Youn Sun Nah parle au présent à Qwest TV et raconte son parcours à travers des échanges directs qui l'ont émue. Elle rit, hésite, et à l'occasion, dévoile comment ses chansons - véritables morceaux de vies - sont nées.

La chanteuse coréenne, qui a vécu 20 années à Paris où elle y fait ses études musicales sort l’album Immersion (Arts Music / Warner Music Group), dont elle a réservé la primeur sur scène à Paris le 12 mars dernier. Les musiciens qui l’accompagnent en tournée ne sont pas ceux avec lesquels elle a enregistré, mais ils ont tous la particularité d’être multi instrumentistes et compositeurs. Une dimension plurielle, qui se retrouve exactement dans les titres où la voix de Youn Sun Nah est démultipliée par les samples, entre jazz et psyché pop, et où la compositrice prend de plus en plus de place.

Vous avez choisi Paris pour le premier concert de votre nouvel album dans lequel la moitié des titres sont des compositions personnelles. Est-ce le signe d’une nouvelle direction ?

Pour chaque album, il y a une sorte d’excitation. Pour celui-ci, je me suis dit « C’est jamais trop tard, on peut partir de zéro à n’importe quel moment ». Pour moi, c’est un chemin que je n’ai jamais pris. Je voulais un son différent par rapport à mes albums précédents. Jusqu’à maintenant, j’ai fait des albums, en prise live, qui duraient deux ou trois jours. Là, je voulais prendre le temps, enregistrer le moment et approfondir le travail dans le studio, ce que je n’ai jamais eu le temps de faire. Parce que le jazz c’est sur le moment et jamais pareil.

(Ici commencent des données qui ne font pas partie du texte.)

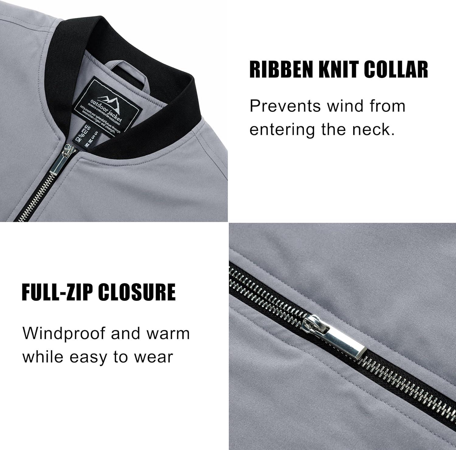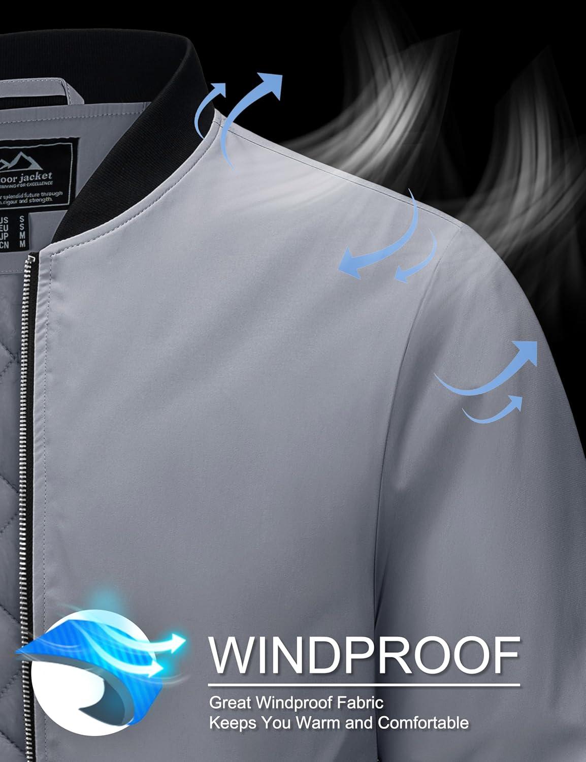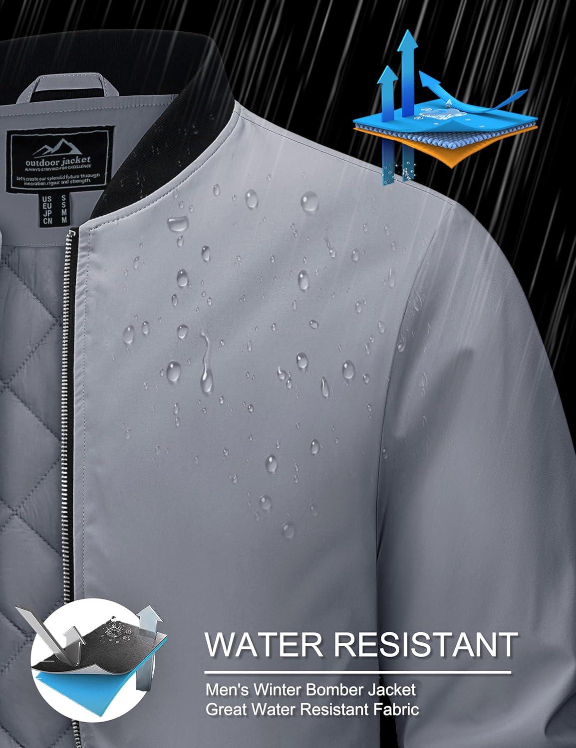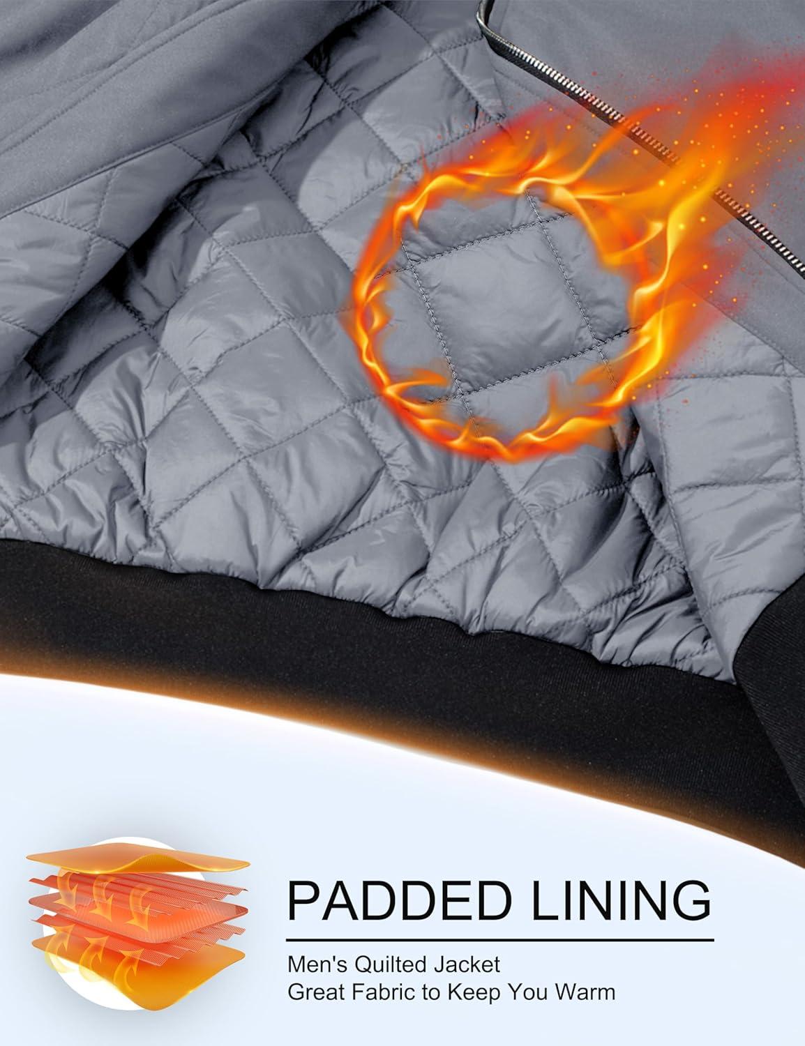 MAGCOMSEN Bomber Jackets for Men Winter Casual Quilted Jacket Warm Windproof Padded Jackets Zip Up Coats(Light Grey)

Pour les autres albums, je donnais ma partition aux musiciens, ils regardaient et me disaient « Ok on y va ». Puis « c’est bon, on garde ». Et parfois j’aurais bien voulu refaire, mais puisqu’ils étaient d’accord… Et puis ça me plaisait aussi de faire comme ça. Cette fois, je voulais essayer autre chose, travailler le son que j’entendais. Je ne suis pas quelqu’un qui connaît la technique et c’est ce que j’ai demandé au producteur.

Qu’est-ce que ce travail vous a permis ?

En studio, on revient en arrière, on ajoute, on enlève, en live ce n’est pas possible. Le travail en studio et sur scène c’est complémentaire. Cela peut changer aussi entre les deux et c’est ce qui me plaît aussi. Des fois sur le chemin du studio, j’entends le morceau qui peut être acoustique et je me dis essayons, parfois à l’inverse, j’ai envie qu’il soit plus électro. Avec les musiciens avec lesquels je joue en ce moment, je me dis que c’est possible.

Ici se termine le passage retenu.